Yani bir iblis egemeninin aksesuar setiydi.
‘Diğer aksesuarlar buralarda bir yerlerde olmalı. Değil mi?'
İsimlerinde 'iblis' kelimesi geçen şeylerin İblis Kalesi'nin içinde bir yerde olması gerektiğini kolayca tahmin edebiliyordu.
Diğer ikisini bulmayı başarırsa nasıl set bonuslarının kilidi açılacaktı? Setin yalnızca bir bölümünü bulmuştu ama beklentisinin yükselmesi konusunda yapabileceği hiçbir şey yoktu.
Ancak Jin-Woo’nun gülümsemesi uzun sürmedi.
‘Şimdi bu ne...?’
[Eşya: Hırs Arpacığı]
Nadirlik: A
Tür: Sihirli Alet
Üstün iblis Vulkan’ın kanını katılaştırarak yaratılan arpacık. Tüm sihirli etkileri güçlendirecek ve daha büyük hasara neden olacaktır.
‘Yıkım İştahı’ Etkisi: x2 büyü hasarı
Bilardo topu büyüklüğünde yuvarlak kırmızı bir nesneydi.
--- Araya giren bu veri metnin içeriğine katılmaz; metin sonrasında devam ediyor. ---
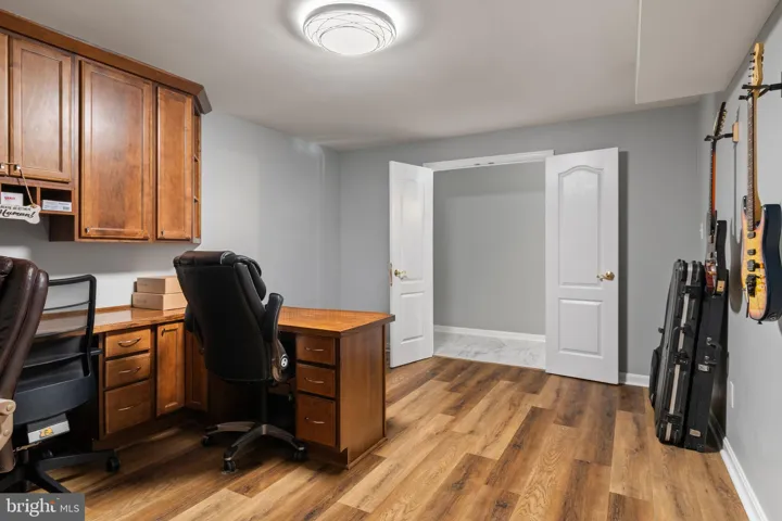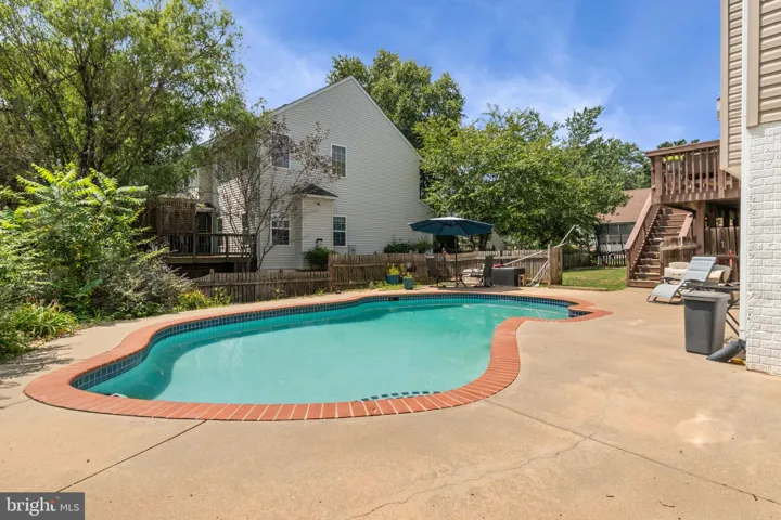 The expansive 20×19 family room is filled with natural light and centers around a gas log fireplace with a charming wood mantle. The dine-in kitchen has a center island, 42” cabinets, all new gas cooktop, new built-in microwave, double wall ovens, a new stainless steel refrigerator with water & ice, a built-in desk area, walk-in pantry, and sliding doors leading to the deck. A mudroom off the kitchen connects to the 2-car garage. A main-level office with luxury vinyl (possible 7th bedroom) and a stylish half bath with ceramic tile and pedestal sink round out the main floor. Upstairs, the primary suite offers one large walk-in closet, ceiling fan with light, and a luxurious en-suite bath with ceramic tile, soaking tub, separate shower, double vanities, and a private commode. Four additional bedrooms, all newer carpet with ceiling fans and closets and 1 shared full hall bath. The lower level is ideal for an in-law or au pair suite, complete with a large recreation room, a second kitchen with recessed lighting, cabinetry, sink, mini fridge, and walk-out access to the pool deck—perfect for entertaining! A fifth bedroom with walk-in closet, full bathroom, a built in office/den with added cabinets and office desk. A separate great laundry is in the lower level with a newer washer & dryer. The fully fenced backyard, a playground with wood shipping mulch, sealed concrete deck and a gorgeous lighted in-ground pool—perfect for summer gatherings. Recent Updates: Newer pool filter and pump, sealed concrete pool deck, Water heater (2025) Washer & dryer (2020) Pool pump is 1 year old, HVAC for lower and main level 2023, new luxury vinyl all through main floor 2023. Other upgrades in 2023- washer, dryer, stove, dishwasher, refrigerator, added 5th bedroom at upper level, added den/office at lower and laundry room at lower level.

Jin-Woo, ‘Hırs Arpacığı’nı sıkıca kavradı. Ancak İstatistiklerinde değişiklik olmadı.
Daha sonra sınıfla ilgili beceri pencerelerini çağırdı ve kontrol etti, çünkü bunlar repertuarında ‘sihir’ olarak adlandırılabilecek tek şeydi, ancak çıkarabileceği gölgelerin sayısında veya saklanabilecek sayılarda bir değişiklik görmedi.
‘Belki kullanabileceğim bir şey değildir?’
Jin-Woo başını esnetti.
Büyü hasarında %100 artış. Bu tür bir performans gerçekten de inanılmazdı.
Normalde büyüyü arttıran araçlar bir kol ve bir bacağa mal oluyordu, bu nedenle yalnızca birkaç büyücü tipi Avcı bunları kullanabiliyordu. O zaman bile, Jin-Woo, tüm bu aşırı pahalı eserler arasında büyünün gücünü ikiye katlayabilecek bir eşya duymamıştı.
Olsaydı manşetler ve özel raporlarla dolu bir kaos olurdu. Yani şimdiye kadar habersiz olması mümkün değildi.
Ancak bu ‘Hırs Arpacığı’, sözde büyü hasarı miktarını iki katına çıkarabilecek bir şeydi.
'Ne olmuş yani? Zaten bana pek yardımcı olmuyor.’
Jin-Woo dudaklarını yaladı.
Büyü hasarını ikiye katlayan ancak başka hiçbir şey yapmayan bir eşya, onun üzerinde hiçbir etki yapmazdı. Başlangıçta hem ‘gölge çıkarma’ hem de ‘gölge depolama’nın bir şeye zarar vermekle hiçbir ilgisi yoktu. Ve becerilerinin geri kalanı da sihirle ilgili değildi.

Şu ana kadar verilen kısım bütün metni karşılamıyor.